Examples of universal design are everywhere. The main kitchen counters are built lower than usual, about 80cm from the ground, an ideal height for children, the elderly, the disabled and just about everyone who is not 200cm tall, Prodel said. Appliances include a Nespresso coffeemaker, which uses easy-to-insert coffee capsules rather than measured grounds, a one-touch Riviera & Bar electric citrus juicer and a Black & Decker electric jar opener. The Scholtes oven allows its user to press a single button to cook a roast chicken, another to bake gateaux — an extreme simplicity of operation that Prodel describes as a sort of “informal” universal design.
The furniture is functional, too. In Prodel’s bedroom, the bed is the same height as his wheelchair, which makes moving between them easier.
Electrical controls for the entire house are within easy reach. The shower area off the bedroom is equipped with a broad sink, which his wheelchair can slide under, and the shower is fitted with a cushiony white folding chair made by the Danish company Pressalit Care.
Another small room has been outfitted with a toilet 50.8cm above floor level, several centimeters higher than normal, so that Prodel can easily transfer himself. In the spa room, super-heated to help Prodel keep his muscles warm and prevent cramping, an IGAT-180 push-button pool lift (made by the US company Aquatic Access) with a Belgian-made harness allows him to lift himself out of his wheelchair and into a 6m-long heated pool.
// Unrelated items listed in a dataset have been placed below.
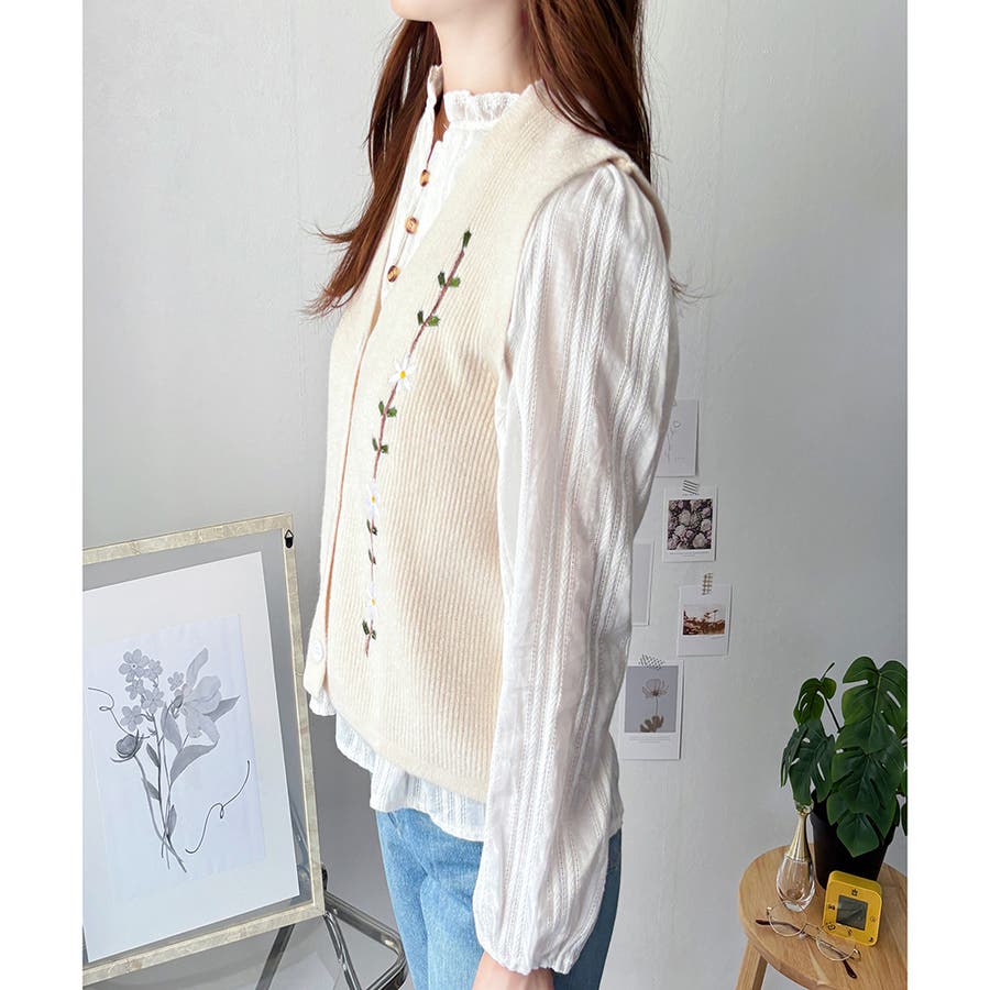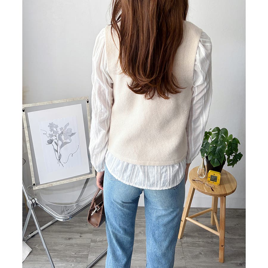ゆったりとしたシルエットで、シャツやブラウスとの重ね着がしやすい仕立てです。
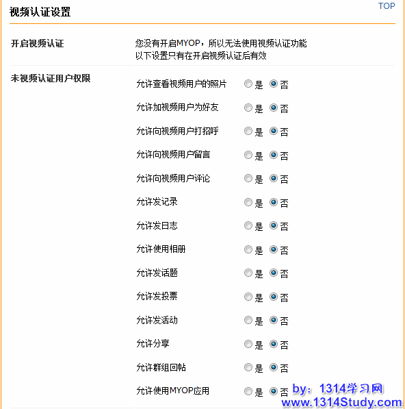 注意:使用视频认证功能必须开启 MYOP 。开启位置:UCenter Home 2.0 后台 => 基本设置 => MYOP应用
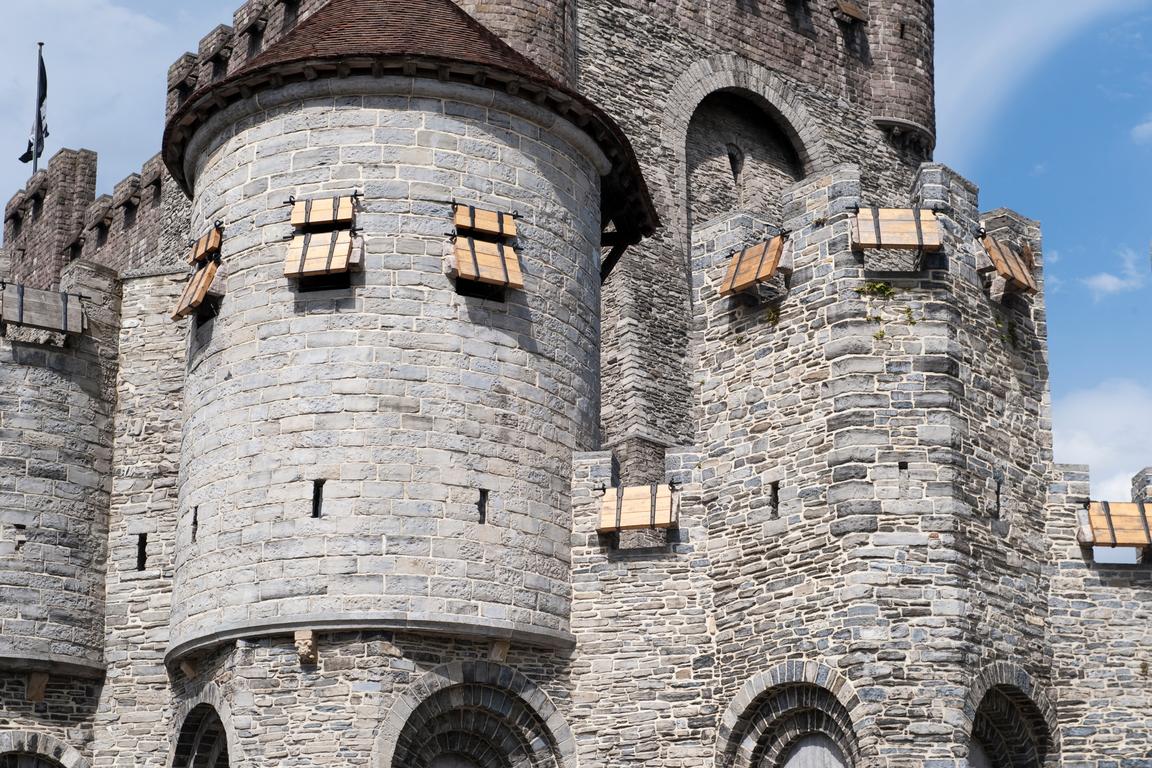 Schon im Jahr 1000 wurde von den Grafen von Flandern mit dem Bau einer Wasserburg in Gent begonnen: Heute zeugt „Gravensteen“, die „Grafenburg“, von der Wehrhaftigkeit und Macht der Genter Adligen mit ihren 24 Türmen und dicken Mauern im Herzen Gents. Die Burg hatte in ihrer Geschichte mehrere Funktionen: Folterkammer in der Zeit der Inquisition, Gerichtshof, Textilfabrik, Baumwollspinnerei – und heute ein Museum mit einer umfangreichen Sammlung an Waffen und Foterwerkzeugen.
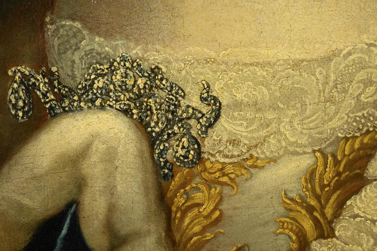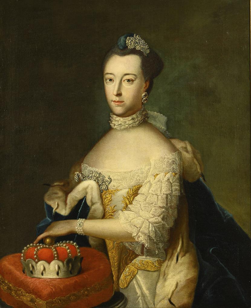 Porträt der Markgräfin von Brandenburg-Ansbach und Bayreuth (1735-1791) im hellen Kleid mit blauem Hermelinmantel. Leinwand doubliert.
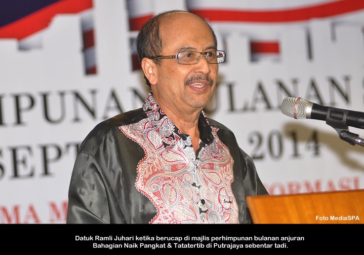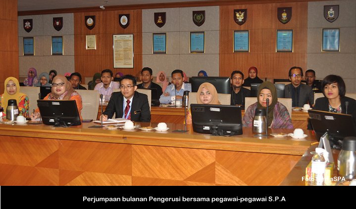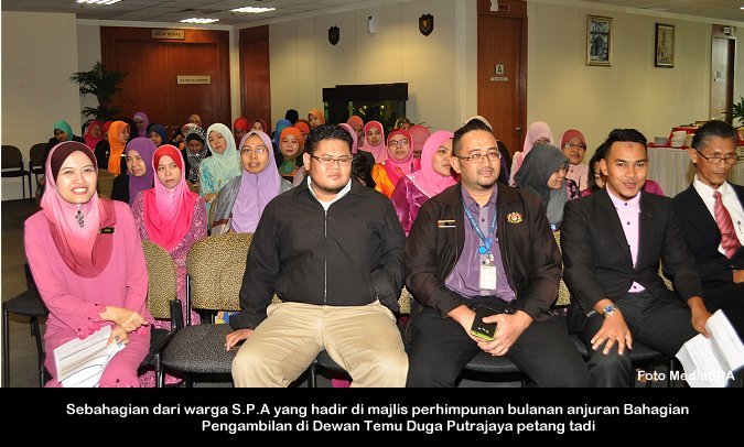 PUTRAJAYA, 2 Okt ------ Setiausaha Datuk Ramli Juhari berkata beliau menghargai warga S.P.A kerana bekerja dengan bersungguh-sungguh dan melaksanakan tugas tidak mengira waktu seperti yang dikehendaki terutama ketika menjalankan urusan Peperiksaan Online yang dilaksanakan S.P.A sekarang. “Mereka ini boleh bekerja dari siang hingga malam dan menghabiskan tugas hingga awal pagi” beliau berkata demikian ketika berucap dimajlis perhimpunan bulanan S.P.A di Putrajaya sebentar tadi. Menurutnya lagi, setiap aduan pelanggan yang dihantar menerusi e-aduan juga telah dapat dijawab dalam tempoh (3) tiga hari seperti yang ditetapkan. Yang turut hadir, Timbalan Setiausaha (Pengambilan) Zainal Abidin Ahmad, Timbalan Setiausaha (Perkhidmatan) Lim Mooi Eia serta warga S.P.A. ------ MediaSPA

There, he swims and does exercises.
Throughout the house, electrical outlets are 40.6cm above the floor rather than 20.3cm, and switches are about 100cm above the floor, several centimeters lower than usual — heights that are equally easy for Prodel or an able-bodied adult to reach.
Next month, in recognition of the house’s innovations, it will receive the 2009 Universal Design Award for a residence from Universal Design GmbH, a German company that promotes accessibility.
Prodel sees the house as a showcase, he said, and hopes it will influence residential design in France. But he does not see himself as a savior: His consulting firm offers “services to professionals” for offices and commercial and institutional spaces.
“You can’t imagine how many people call me and say, ‘Mr Prodel, my husband is in a wheelchair and I need help.’ I say, ‘Sorry, I don’t work for private persons,’” he said.
But in the professional realm, at least, he does seem like a man with a mission. He has put together a computer presentation that opens with bugles and drums and the words, “Conception Universelle,” the French translation of universal design. It includes some of his picks for the least-accessible “accessible” places in France — places he believes are ideal candidates for universal design: the Pullman Paris Tour Eiffel Hotel, formerly the Hilton (“I thought I was in a hospital room of 40 years ago,” he said of a wheelchair-accessible room); handicapped parking places in Paris that are framed by poles that would be easy to crash into; certain train ramps that allow for four-wheel but not three-wheel scooters; the Gare Montparnasse in Paris, where the elevator is broken much of the time.
So far he has only two institutional clients: the City of Compiegne, 48km northeast of here, and its regional government. He said he was advising them on how to make a new bridge project comply with universal design principles.
In addition to spreading universal design in France, he has more modest goals.
“Oh, if I could take the train on my own to Paris, I would,” he said. “Oh, it’s too complicated. But that would be so nice.”